Likelihood Variance as Text Importance for Resampling Texts to Map Language Models
Momose Oyama, Ryo Kishino, Hiroaki Yamagiwa, Hidetoshi Shimodaira
TL;DR
This work tackles the high computational cost of constructing a language-model map from log-likelihood vectors by introducing resampling strategies that prioritize texts with high variance across models. The proposed Length Squared (LS) and KL sampling methods assign text-selection probabilities to minimize distance-estimation error, enabling accurate KL-based model maps with roughly half the texts required by uniform sampling. Empirically, LS/KL sampling matches or closely approaches the baseline in estimating model distances, yields stable maps, and efficiently accommodates new models.
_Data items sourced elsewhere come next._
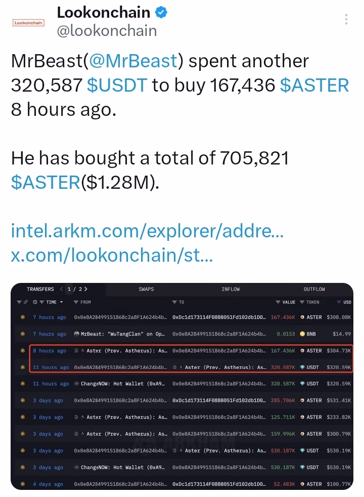 Lookonchain, a blockchain analytics platform, confirmed the purchase of 167,436 Aster tokens for $320,587 USDT. This follows an earlier investment made just two days prior, when MrBeast acquired more than 538,000 tokens. His average entry price now stands at $1.87 per token.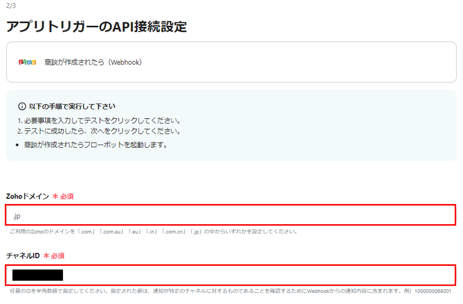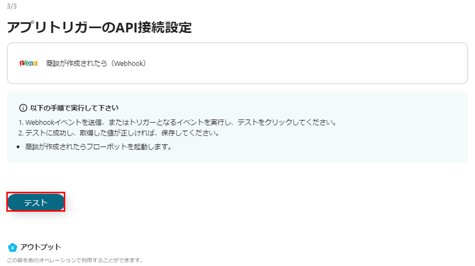 (9)商談を作成後にYoomの設定画面に戻り、テストをクリック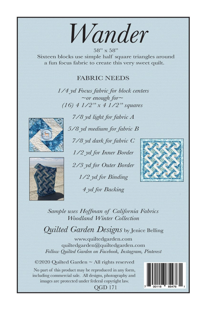 Basic half square triangles surround a focus block. Only five lovely fabrics required to keep the design simple yet flowing with movement.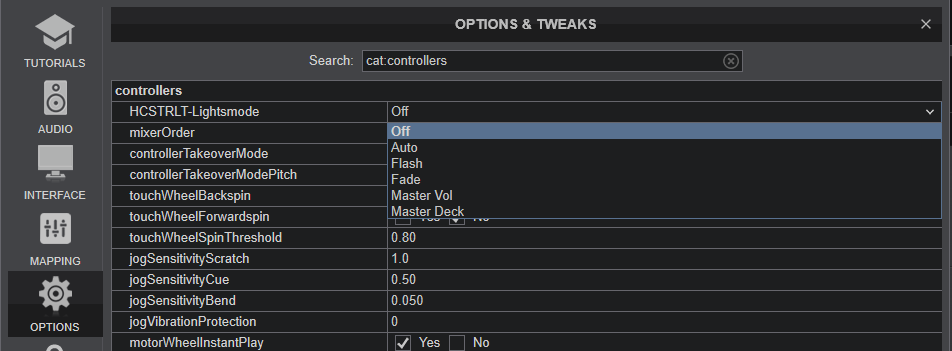 Open VirtualDJ Settings ->OPTIONS tab ->CONTROLLER sub-category and select one of the available values for the setting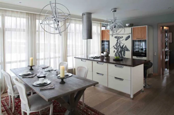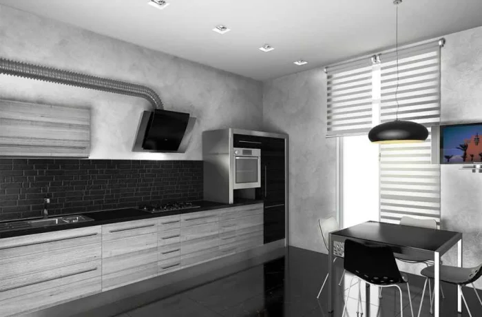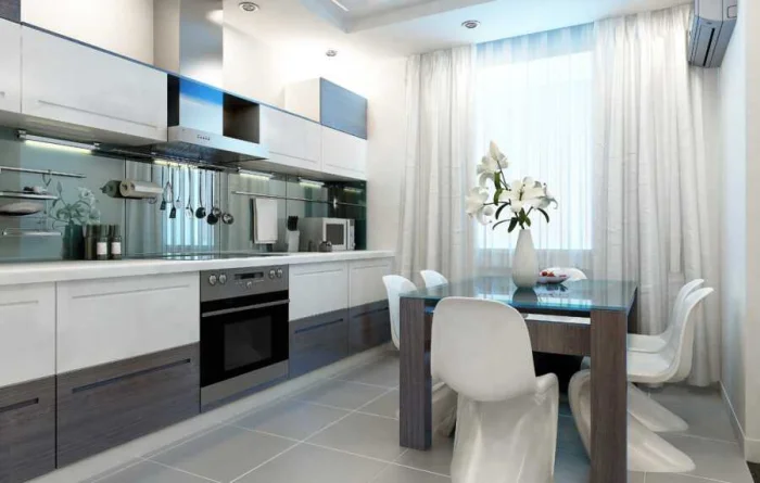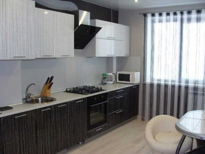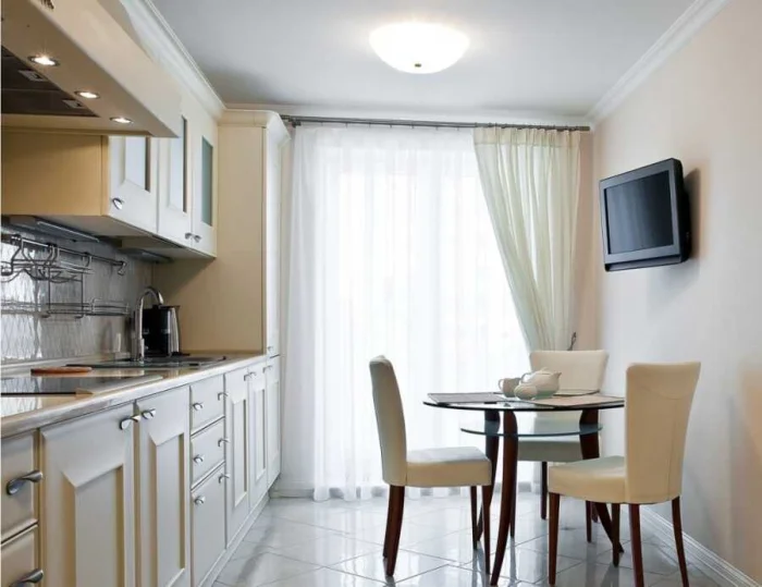 Модель занавесок должна следовать общему стилю кухни. В минималистичном пространстве пышная классика будет выглядеть чужеродно, и наоборот.

Importantly, downstream performance predictions remain robust as the number of unique texts grows, indicating practical applicability for scalable model comparison and integration in dynamic model ecosystems.
Abstract
We address the computational cost of constructing a model map, which embeds diverse language models into a common space for comparison via KL divergence. The map relies on log-likelihoods over a large text set, making the cost proportional to the number of texts. To reduce this cost, we propose a resampling method that selects important texts with weights proportional to the variance of log-likelihoods across models for each text. Our method significantly reduces the number of required texts while preserving the accuracy of KL divergence estimates. Experiments show that it achieves comparable performance to uniform sampling with about half as many texts, and also facilitates efficient incorporation of new models into an existing map. These results enable scalable and efficient construction of language model maps.